Y el gesto puede ser más simple. Para reconocer y encontrar esa simpleza, que en verdad
es la que guarda toda la complejidad de la vida (¡simpleza no es lo mismo que
simplificación!), hay que desprenderse de una o dos cosas: la primera es la necesidad de
gustar (y vender). Quien haya hecho teatro para niños, o quien haya jugado un rato con
un niño, sabe lo delicada y honesta que es la atención de los humanos más pequeños.
¿Por qué pretendemos “sostener” la atención de esos humanos tan delicados y
honestos? ¿Será porque necesitamos adoctrinarles para que formen parte de nuestra
sociedad? Si es así, ¿queremos seguir reproduciendo esos mecanismos culturales de
abducción de la atención? ¿Por qué sería un problema que alguien se aburriera con
nuestra película?
Solo sería un problema si una de estas dos cosas estuviera en juego: el bolsillo, el valor
personal. La clave, entonces, puede ser doble: no invertir millones de dólares en una
película, no invertir el amor propio en lo que hacemos. No somos lo que hacemos.
Ninguna obra nos va a hacer más o menos valiosos. No hace falta hacer películas de
millones de dólares, no hace falta el estrés que significa esperar recuperar las
inversiones, no hace falta dar la vida por una ficción. Los norteamericanos son
especialistas en tomarse la labor creativa como un trabajo duro. Hard work, dicen todo
el tiempo, y se entregan premios dorados. Los actores investigan por meses y meses, ¡y
se esfuerzan y felicitan por ello! Pienso que el esfuerzo y el sacrificio no son lo mismo.

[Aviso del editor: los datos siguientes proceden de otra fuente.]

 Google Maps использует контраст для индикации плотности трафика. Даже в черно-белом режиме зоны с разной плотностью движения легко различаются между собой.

Sacrificio es desaparecer en la actividad, es entrega. El esfuerzo es una manera de no
entregarse, es personal, busca los laureles, busca reconocimientos, méritos. Como
tendemos a polarizarnos mucho, la opción al esfuerzo suele ser la dejadez, la vaguedad.

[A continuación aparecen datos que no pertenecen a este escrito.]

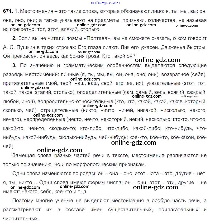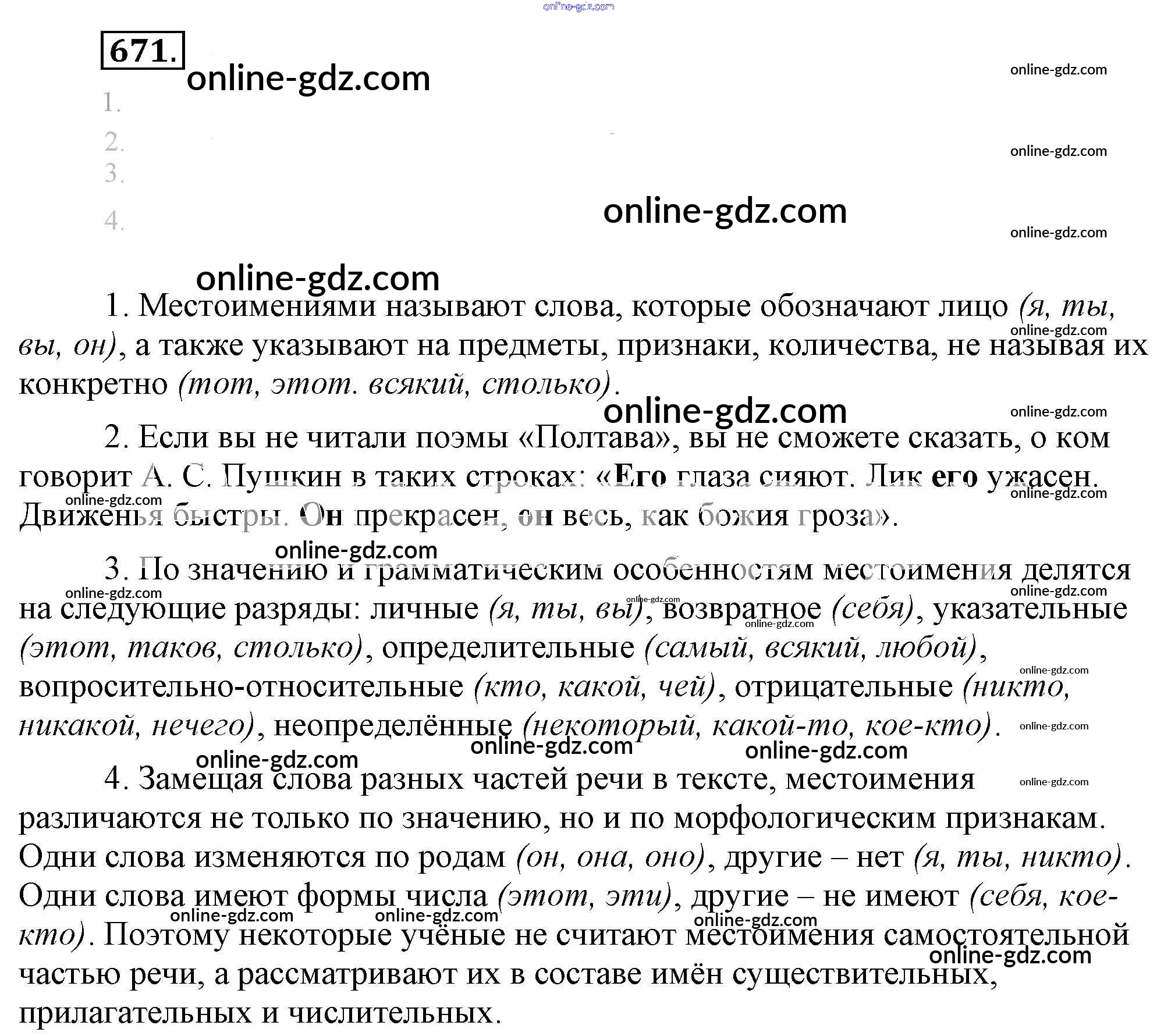 Готовые домашние задания по Русскому языку за 6 класс Учебник Разумовская, Львова Вертикаль 2016 - Упражнения 671
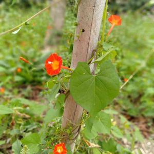 おはようございます🍀 今日は午後から大荒れ☔の天気予報なので朝から一部の花を移動してました💦 picは「マルバルコウ」 サツマイモの仲間 一見、アサガオ(ヒルガオ)と勘違いしそうな双葉🌱花も小ぶりですが、オレンジ色で似てます 凄い密で引き締めあって生えてました。
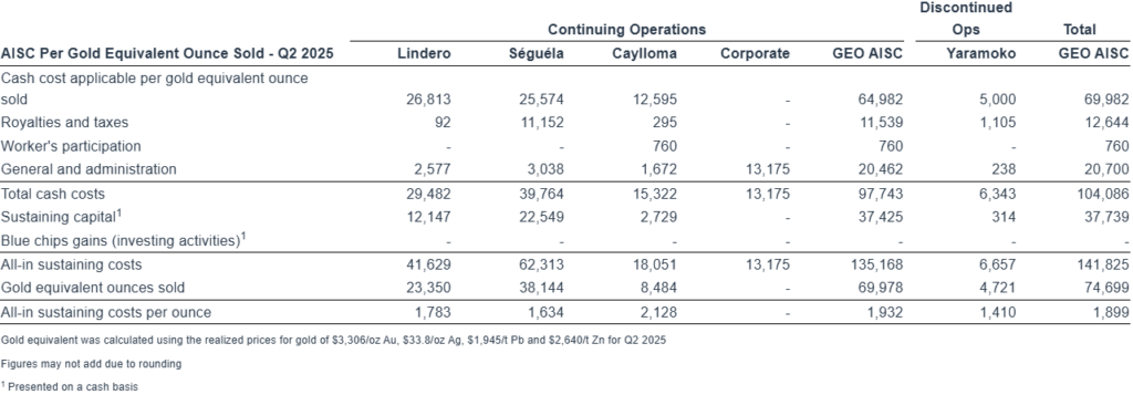 • Consolidated AISC per GEO1 from continuing operations of $1,987 compared to $1,932 in Q2 2025. AISC includes a one-time impact of $80 related to a higher SBC expense

Los niños, cuando juegan en serio, no son vagos. Son precisos. Jugar en serio, sin
embargo, no es esforzarse. Hay una solemnidad en esa manera de tomarse la creación
tan ¡tan! en serio. La cantidad de dinero que mueve la industria del espectáculo podría
ser un signo elocuente de esa solemnidad. Ahí hay algo en juego que no es solo nuestra
capacidad de jugar y crear; hay algo en juego que es del orden de la supervivencia.
Se hace arte como se hacen muchas otras cosas: para ganarnos los méritos, para
sentirnos valiosos, para el reconocimiento, para la fama, el dinero, el afecto. Le damos
mucha importancia a lo que hacemos porque creemos que lo que hacemos define lo
que somos. La ficción y la narración cargan con esa confusión. Narramos como quien
respira, narramos como si fuéramos lo que nombramos. ¡Somos animales que se ponen
nombre! Cuando no le damos tanta importancia, la narración puede ser un juego. ¿Qué
sería dar importancia a la narración? Pretender entendimiento —efecto. La solemnidad
es la afirmación de la importancia de un efecto. Las narraciones son tan afirmativas
porque creen necesitar lograr ser leídas de una manera específica. Necesitan venderse.
Para vender, te aconsejan en marketing, tienes que definir tu identidad, tu imagen, tu
perfil, tu mensaje. Sherezade narraba, cada noche, para no ser asesinada. Tal vez la
narración carga con ese estigma. Me pregunto cómo sería una narración que no cargara
con el peso de la supervivencia. Tal vez, si la vida no dependiera de ella, la narración
podría reconocerse más libre, más ambigua, más compleja, más sutil, más abierta.